= Santel Phin =

Cambodian blogger and writer

Santel Phin is a Cambodian blogger and writer. He is the founder of KhmerBird.

== Early life ==

In 2006, Santal Phin started his own blog called KhmerBird in order to share the nation's criminal story with the outside world. There was a nightmare in Cambodia that many people known as Khmer Rouge. Many people died in Cambodia during the rule of the communist red Khmer. But there were not many people in the world outside Cambodia that knew this criminal story.

Santel Phin decided to create his blog to let people all around the world know just how evil the communist red Khmers were.

In 2012 his blog, KhmerBird, became the fifth most visited blog in Cambodia. Also, He was recognized as a best Cambodia nation adviser who encourage the young to start blogging and online business.

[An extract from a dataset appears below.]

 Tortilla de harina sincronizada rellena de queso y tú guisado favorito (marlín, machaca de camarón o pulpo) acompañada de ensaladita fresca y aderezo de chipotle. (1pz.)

As everyone in Cambodia knew Khmer Rouge killed many knowledgeable persons almost of the whole country of Cambodia, after the Khmer Rouge Cambodia are less original authors. Santel Phin is one of few authors who wrote the original story in Cambodia, after the Khmer Rouge. He was recognized as a writer after the slaughter.

== Education and career==
Santal Phin holds a degree in engineering from ICT. He is an IT project manager by profession. Furthermore, he is involved in many NGOs, conferences and training to build more capacities of Cambodian resources.

==Publication works==

In 2013, Santel Phin published his first book of short stories and poems called Cambodia in My Dream. It is his best book from his 10 years of writing. It is the first of his books to win the NouHach Award in Cambodia.